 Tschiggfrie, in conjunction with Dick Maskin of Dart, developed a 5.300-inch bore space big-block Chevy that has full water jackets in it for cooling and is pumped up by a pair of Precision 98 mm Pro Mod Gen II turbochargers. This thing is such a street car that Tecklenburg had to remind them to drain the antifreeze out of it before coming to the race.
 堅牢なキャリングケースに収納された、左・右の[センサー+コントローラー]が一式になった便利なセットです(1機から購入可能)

* * *

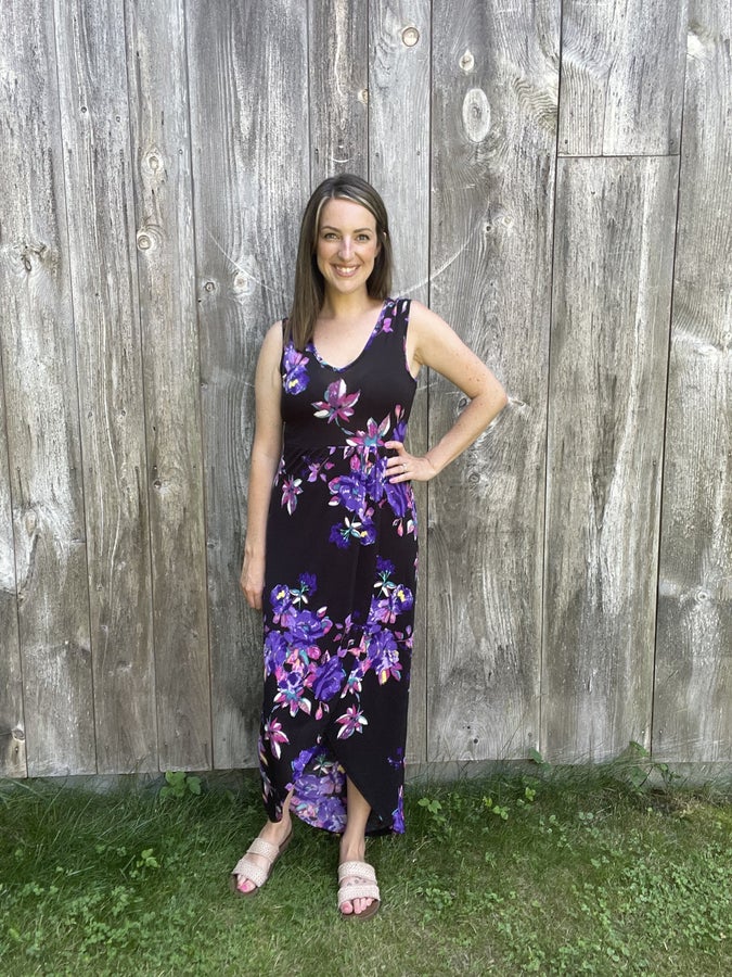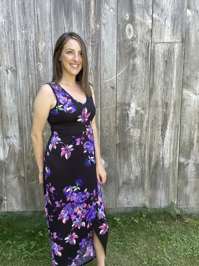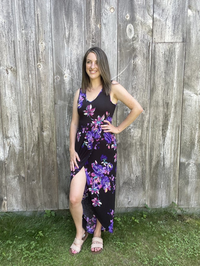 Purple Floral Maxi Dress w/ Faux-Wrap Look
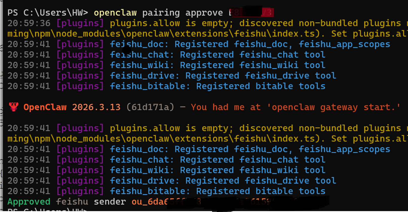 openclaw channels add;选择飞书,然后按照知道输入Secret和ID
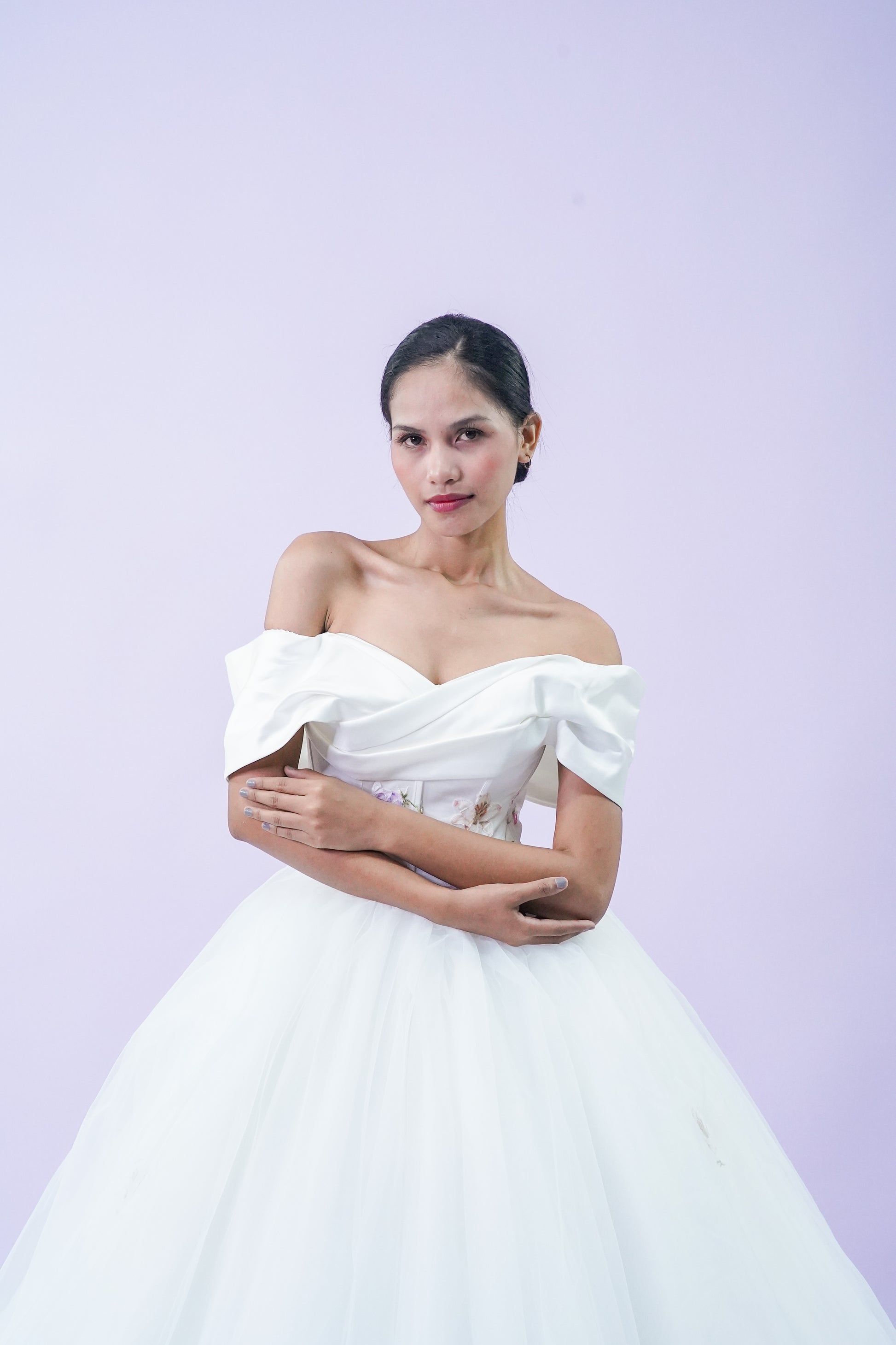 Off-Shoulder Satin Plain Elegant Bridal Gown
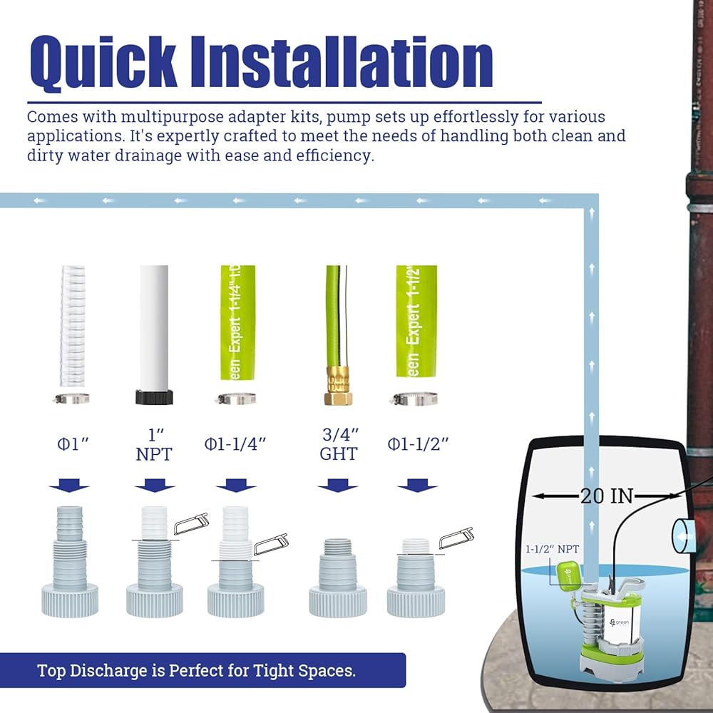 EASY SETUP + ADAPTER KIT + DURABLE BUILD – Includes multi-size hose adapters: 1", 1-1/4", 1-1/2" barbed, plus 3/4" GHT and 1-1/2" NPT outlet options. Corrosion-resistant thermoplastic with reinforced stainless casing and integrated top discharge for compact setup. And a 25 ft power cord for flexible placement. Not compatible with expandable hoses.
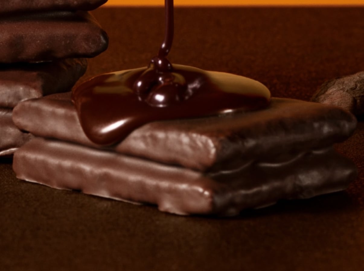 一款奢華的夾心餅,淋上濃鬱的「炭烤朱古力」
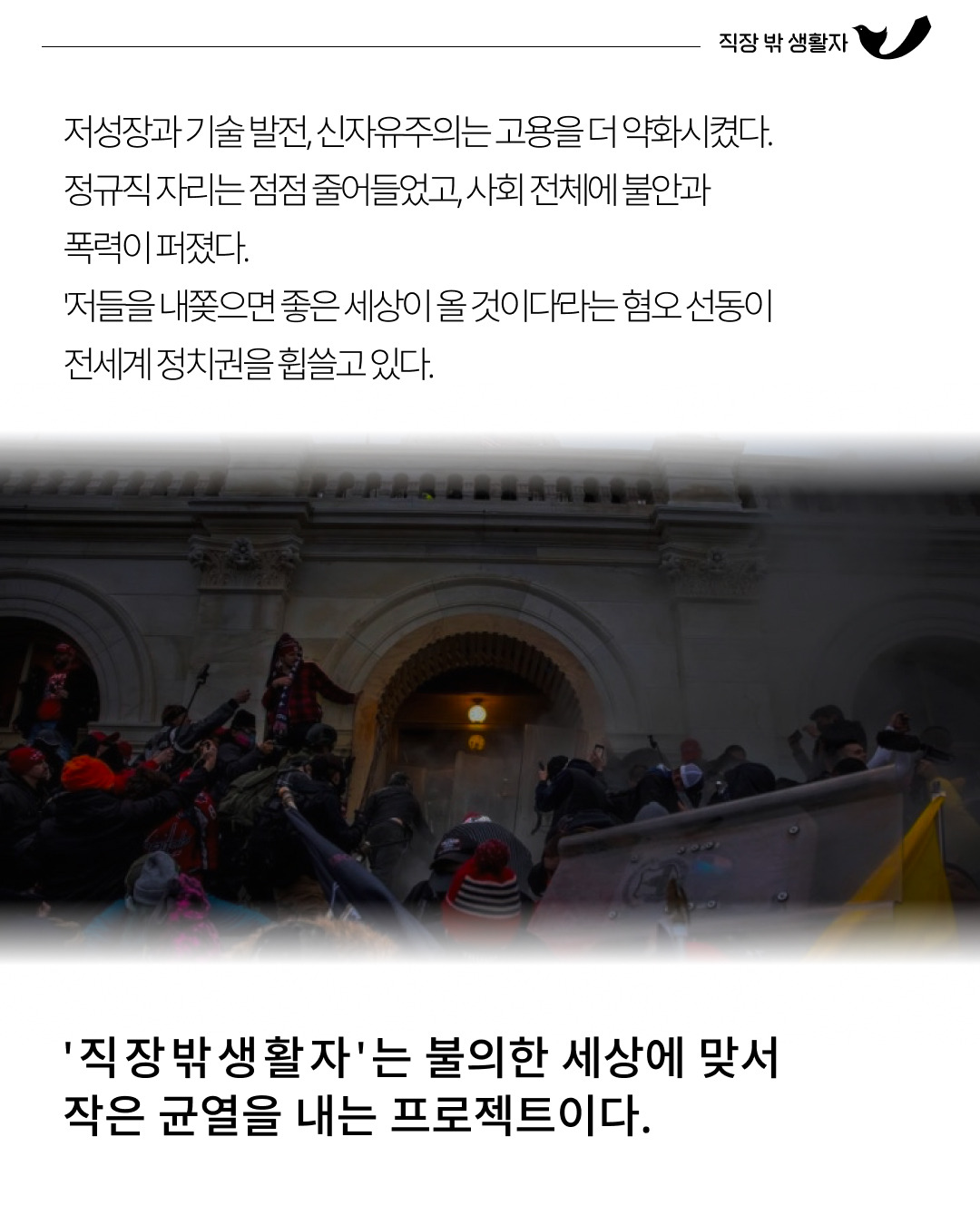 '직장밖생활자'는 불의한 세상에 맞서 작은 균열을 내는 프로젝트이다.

◆ Problem to work on ◆
Copy only the lines above from the one containing "Purple Floral Maxi Dress w/ Faux-Wrap Look" through the one containing "Off-Shoulder Satin Plain Elegant Bridal Gown", both included. Leave out the pictures.

◆ Problem solution ◆
 Purple Floral Maxi Dress w/ Faux-Wrap Look
 openclaw channels add;选择飞书,然后按照知道输入Secret和ID
 Off-Shoulder Satin Plain Elegant Bridal Gown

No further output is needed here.